Please restate each line of the data below exactly. Omit all images.

==== Data shown

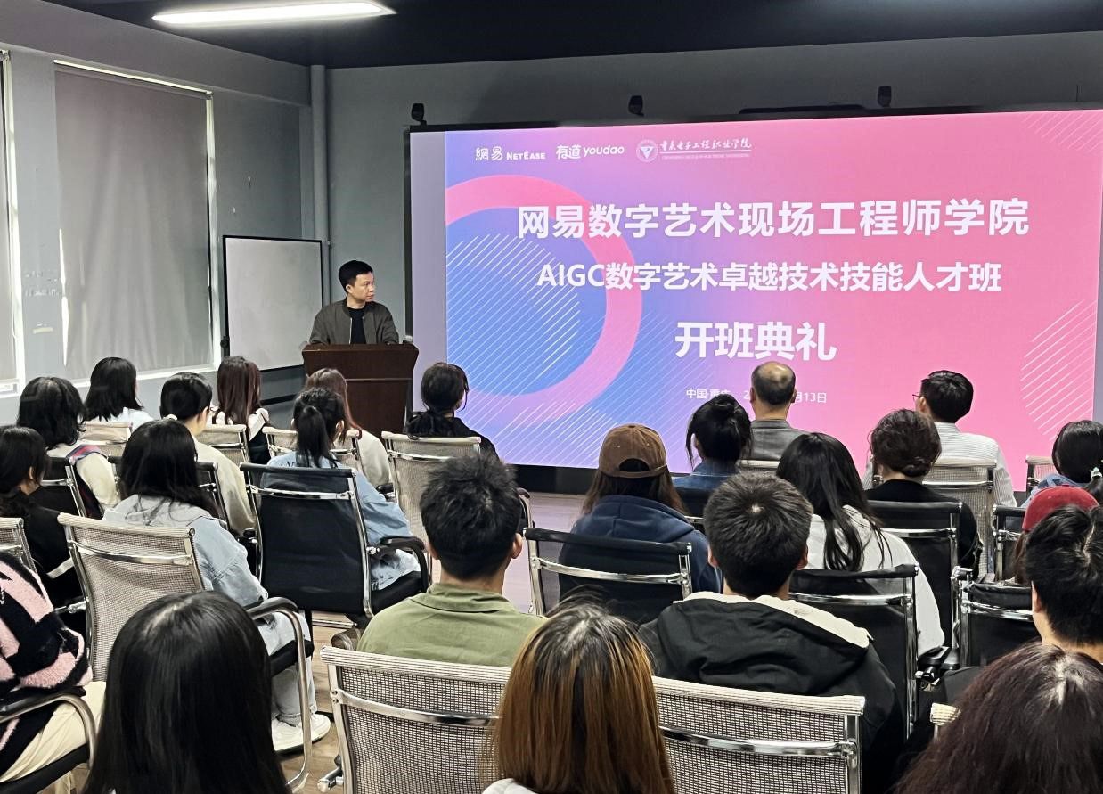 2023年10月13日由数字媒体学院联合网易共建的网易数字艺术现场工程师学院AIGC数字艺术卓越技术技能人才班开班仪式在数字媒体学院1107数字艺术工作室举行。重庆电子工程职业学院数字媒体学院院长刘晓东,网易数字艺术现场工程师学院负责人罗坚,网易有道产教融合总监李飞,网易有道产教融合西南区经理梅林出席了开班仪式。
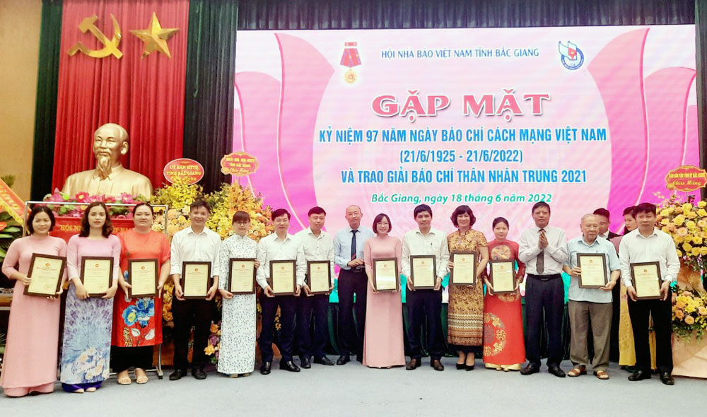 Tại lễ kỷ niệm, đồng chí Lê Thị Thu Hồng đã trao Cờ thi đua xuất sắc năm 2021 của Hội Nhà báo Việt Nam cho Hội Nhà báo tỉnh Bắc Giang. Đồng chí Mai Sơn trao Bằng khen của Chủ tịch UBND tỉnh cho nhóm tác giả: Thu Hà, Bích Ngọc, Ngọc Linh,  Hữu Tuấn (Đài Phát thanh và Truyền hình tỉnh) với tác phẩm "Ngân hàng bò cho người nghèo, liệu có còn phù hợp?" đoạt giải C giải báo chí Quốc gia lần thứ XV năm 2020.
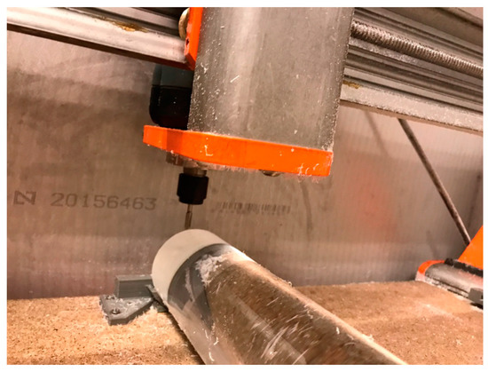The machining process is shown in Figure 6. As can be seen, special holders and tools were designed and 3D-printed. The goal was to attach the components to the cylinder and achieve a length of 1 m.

========

**Response**
 2023年10月13日由数字媒体学院联合网易共建的网易数字艺术现场工程师学院AIGC数字艺术卓越技术技能人才班开班仪式在数字媒体学院1107数字艺术工作室举行。重庆电子工程职业学院数字媒体学院院长刘晓东,网易数字艺术现场工程师学院负责人罗坚,网易有道产教融合总监李飞,网易有道产教融合西南区经理梅林出席了开班仪式。
 Tại lễ kỷ niệm, đồng chí Lê Thị Thu Hồng đã trao Cờ thi đua xuất sắc năm 2021 của Hội Nhà báo Việt Nam cho Hội Nhà báo tỉnh Bắc Giang. Đồng chí Mai Sơn trao Bằng khen của Chủ tịch UBND tỉnh cho nhóm tác giả: Thu Hà, Bích Ngọc, Ngọc Linh,  Hữu Tuấn (Đài Phát thanh và Truyền hình tỉnh) với tác phẩm "Ngân hàng bò cho người nghèo, liệu có còn phù hợp?" đoạt giải C giải báo chí Quốc gia lần thứ XV năm 2020.
The machining process is shown in Figure 6. As can be seen, special holders and tools were designed and 3D-printed. The goal was to attach the components to the cylinder and achieve a length of 1 m.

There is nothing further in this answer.